### RECORDS SUPPLIED
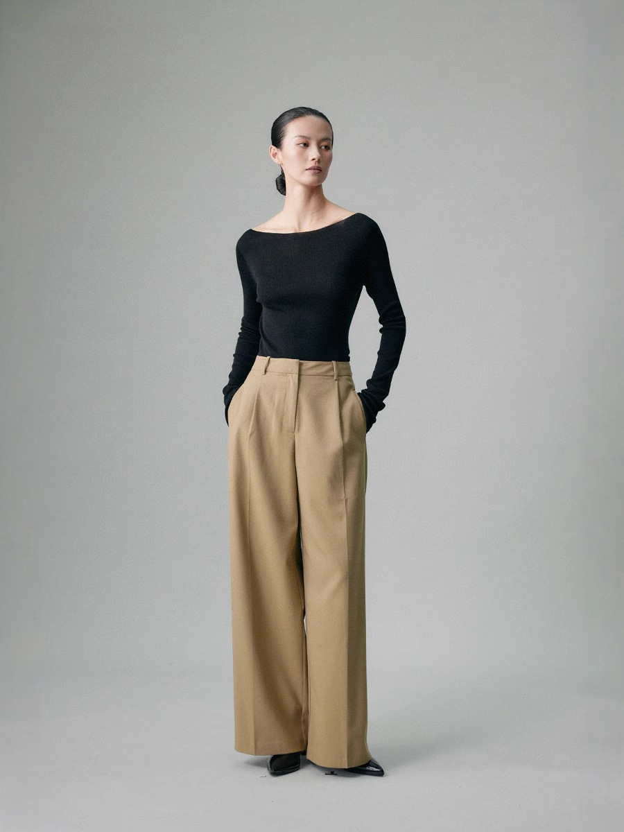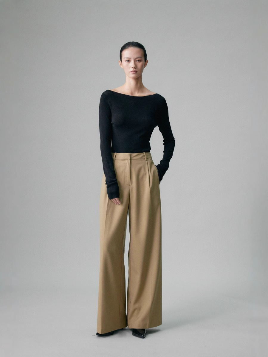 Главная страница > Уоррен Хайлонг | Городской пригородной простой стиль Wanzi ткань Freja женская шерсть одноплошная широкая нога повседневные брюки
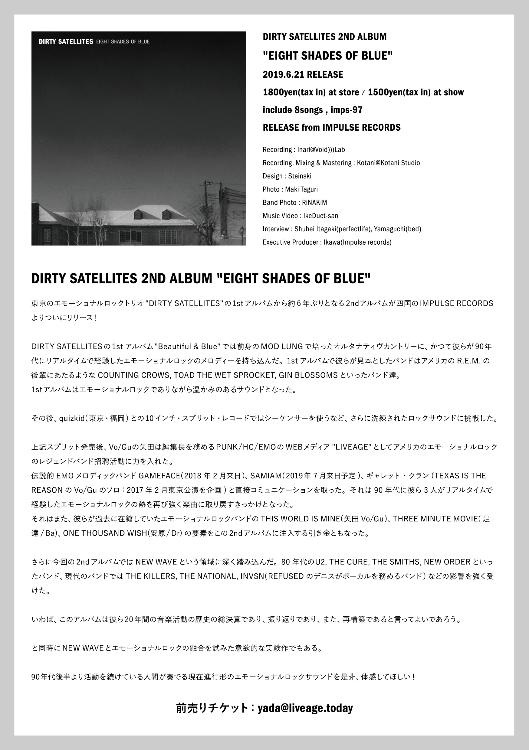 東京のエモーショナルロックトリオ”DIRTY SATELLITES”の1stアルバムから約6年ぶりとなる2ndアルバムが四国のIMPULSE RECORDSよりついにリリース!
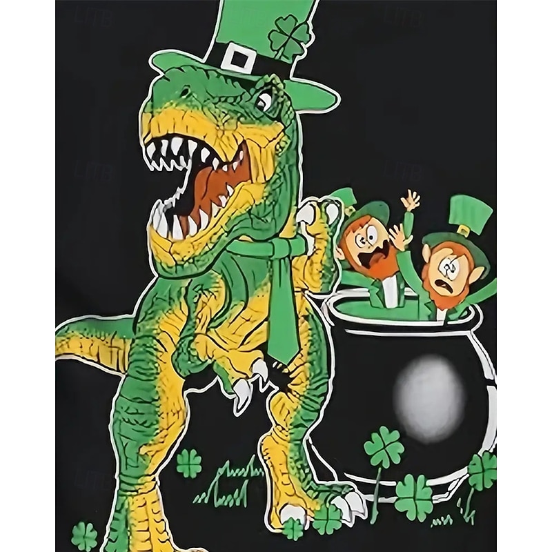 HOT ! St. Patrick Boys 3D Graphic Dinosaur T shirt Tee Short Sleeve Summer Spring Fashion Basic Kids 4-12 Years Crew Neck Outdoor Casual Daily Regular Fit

--

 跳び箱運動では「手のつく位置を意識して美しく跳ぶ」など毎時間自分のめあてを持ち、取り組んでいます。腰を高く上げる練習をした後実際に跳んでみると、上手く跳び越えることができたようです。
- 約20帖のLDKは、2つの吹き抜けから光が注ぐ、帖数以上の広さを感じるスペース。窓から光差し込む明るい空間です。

### WORK ITEM
Every line above from the one with "Главная страница >" down to the one with "HOT ! St. Patrick" must be written out exactly, and no picture may appear.

### EXERCISE SOLUTION
 Главная страница > Уоррен Хайлонг | Городской пригородной простой стиль Wanzi ткань Freja женская шерсть одноплошная широкая нога повседневные брюки
 東京のエモーショナルロックトリオ”DIRTY SATELLITES”の1stアルバムから約6年ぶりとなる2ndアルバムが四国のIMPULSE RECORDSよりついにリリース!
 HOT ! St. Patrick Boys 3D Graphic Dinosaur T shirt Tee Short Sleeve Summer Spring Fashion Basic Kids 4-12 Years Crew Neck Outdoor Casual Daily Regular Fit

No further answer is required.